Single index is smaller than full book record it points to on disk
Recall, that the "job" of a database is to NOT just store the records row by row in a database file but to allow humans to query for specific records in that database file. The DB file could potential contain millions of rows of records. If when the DBMS receives a query from a human asking for all the books with a "publication date" after 2012,
Last_Name index shows record location
It would take too long to simply read through each of the 1 million records describing the specific books pulling out the books that match the requested criteria (>2012). The database needs to build a digital version of a library card catalog. The DBMS can search these indexes hold a single piece of sorted metadata and the location of that specific book. Because the indexes are sorted and hold far fewer columns of data than the actual records they point to ... they can be searched much quicker than reading through the whole table of full records. Searching a catalog of index records which have been sorted by "publication year" allows the DBMS to quickly locate all the "books published after 2012".

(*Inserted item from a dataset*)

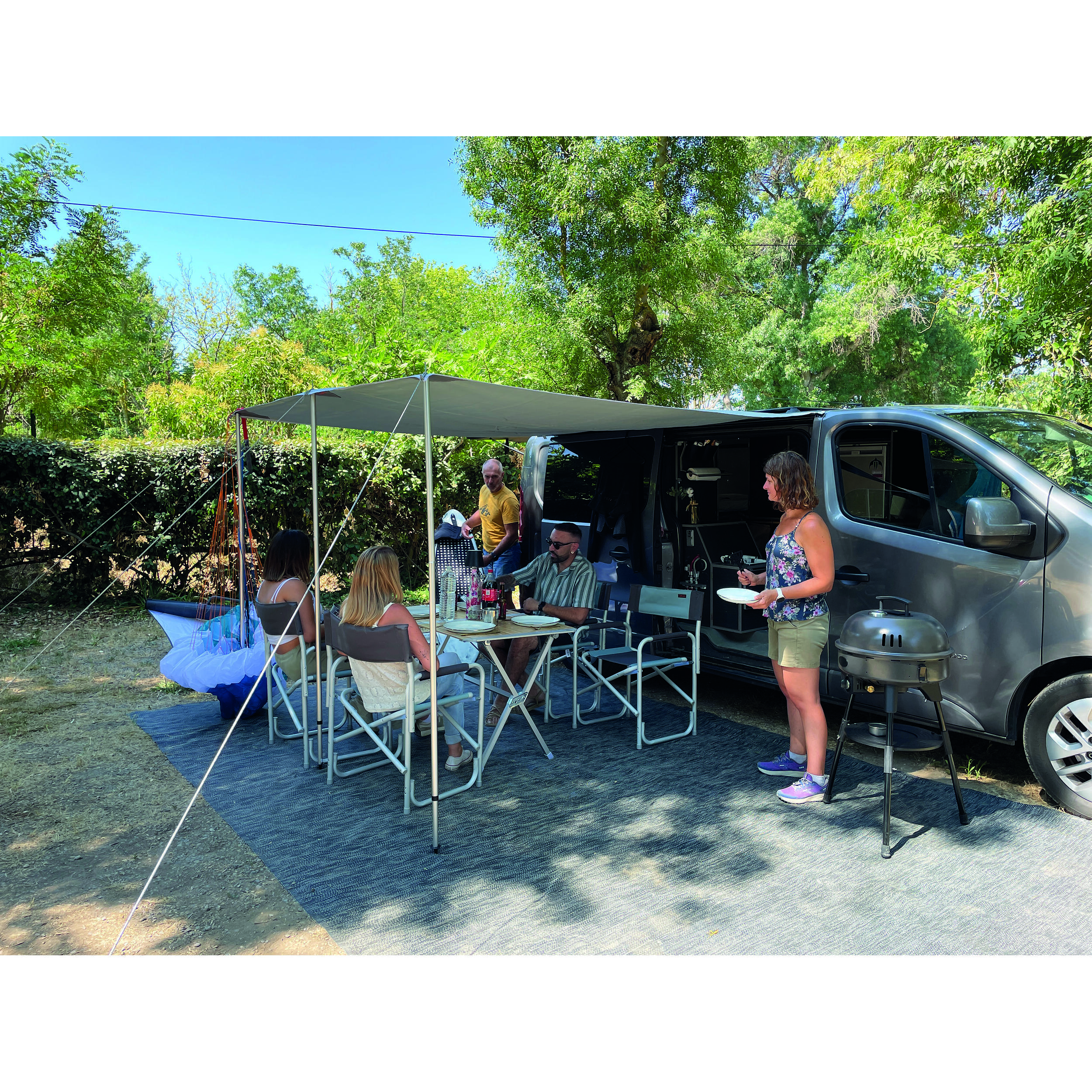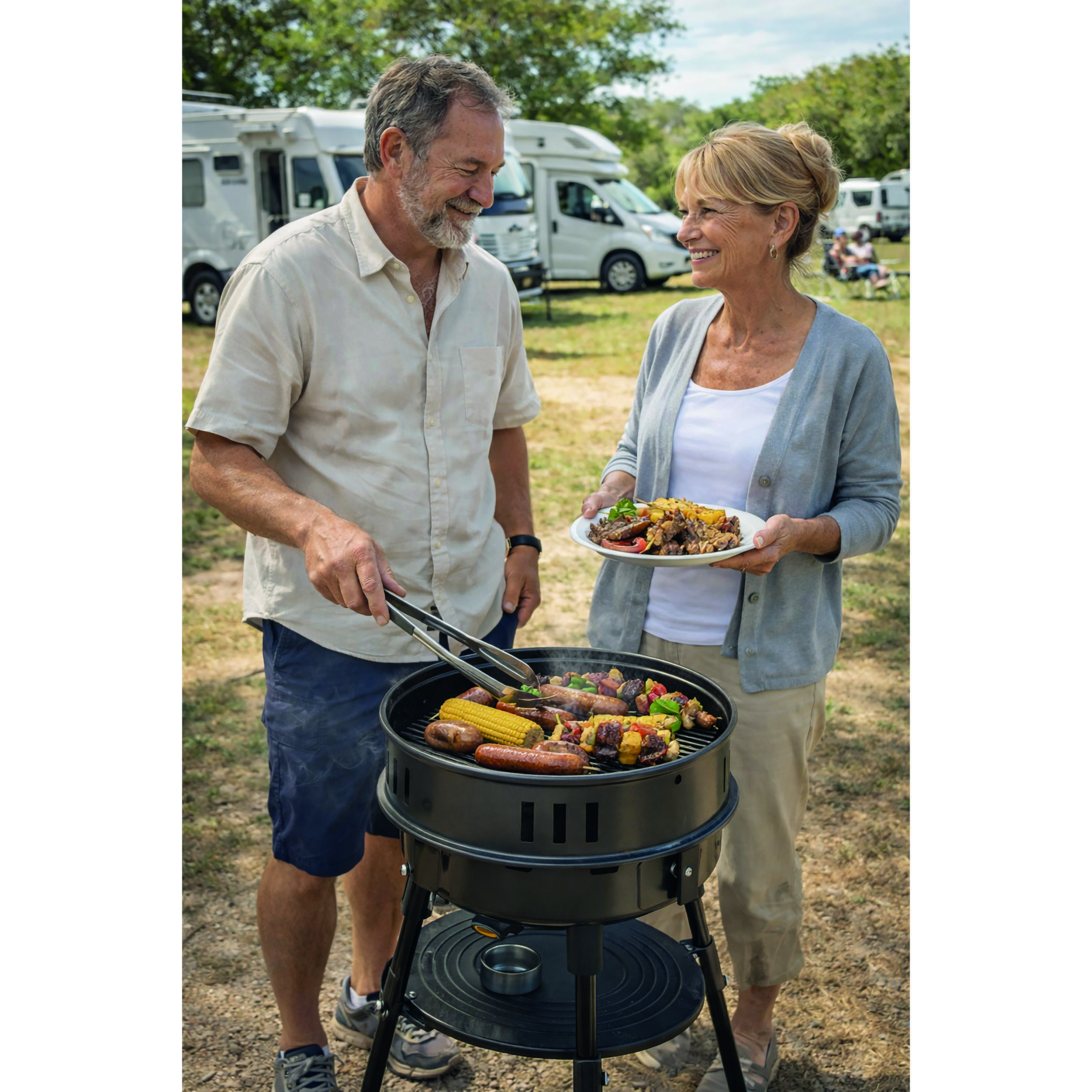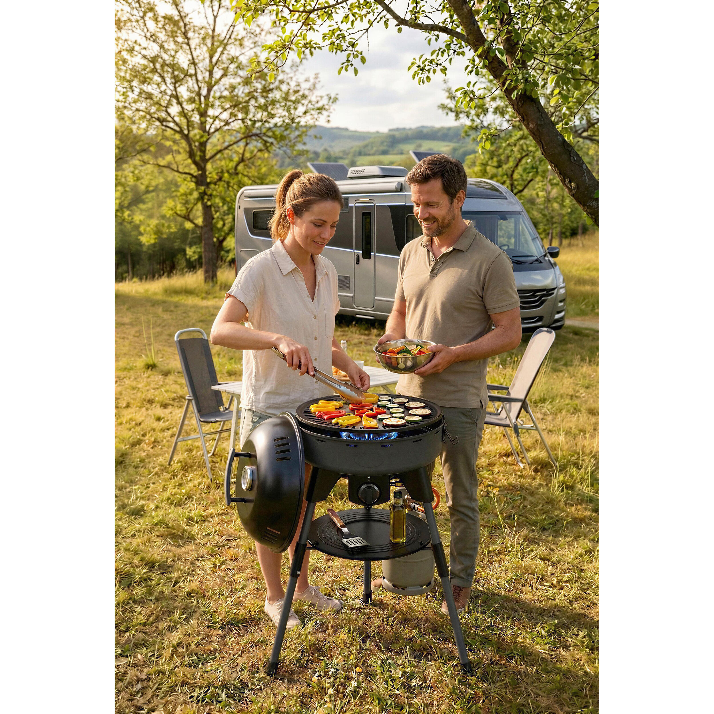 Avec ses 12 kg seulement, ce barbecue se glisse sans effort dans le coffre de votre véhicule ou la soute de votre camping-car. Ses pieds amovibles et sa poignée intégrée facilitent son installation sur n’importe quel terrain, même accidenté. Le plateau plastique et le support casserole inclus transforment ce modèle en une véritable cuisine d’appoint, idéale pour préparer des accompagnements ou réchauffer une soupe en parallèle de vos grillades. La coupe à fumer, quant à elle, élargit vos possibilités culinaires : saumon fumé, magret ou même fromage, tout devient possible. Un sac de rangement est fourni pour protéger le barbecue lors des trajets et optimiser son stockage.

Indexes sorted alphabetically in RAM

While the the database records are stored on disk, the indexes, due to their smaller size, can be stored in RAM. As each new book is added to or removed from the library, the DBMS will need to update each books associated index. Because the indexes are in memory this process is much faster than if they were stored on disk. The requirement of keeping the indexes in memory is one of the main reasons database servers require lots of RAM. It should be noted that the use of indexes in addition to the records themselves is a duplication of data. Having many different indexes say by First_Name, Last_Name, Hire_Date, Office_location adds to the duplication and work since every time you modify or insert a record you must also update the indexes. It should also be noted that if the database records are never modified, the indexes would never also never need to change. Performance tests are often done to determine whether adding another index will have a positive or negative performance effect on the database.




TAKEAWAYS:



Modern DBMSs either store records full of metadata about entities that exist in the real world or the database records are the actual digital objects themselves. DBMSs store there data records in a database file and give humans the ability to query for a specific set of data records matching some criteria. The DBMS will keep sorted indexes in RAM to allow for fast location and retrieval of the requested set of records called a "recordset". While the database term may have been coined in 1962 to refer to the methods of storing and retrieving digital data, the concepts such as indexing and metadata have existed for millennia. In future blog posts DATABASE 102 & 103, we will investigate the database concept further. In even more database blog posts, I will investigate the different types of databases such as relational, NoSQL and NewSQL as well as their use cases.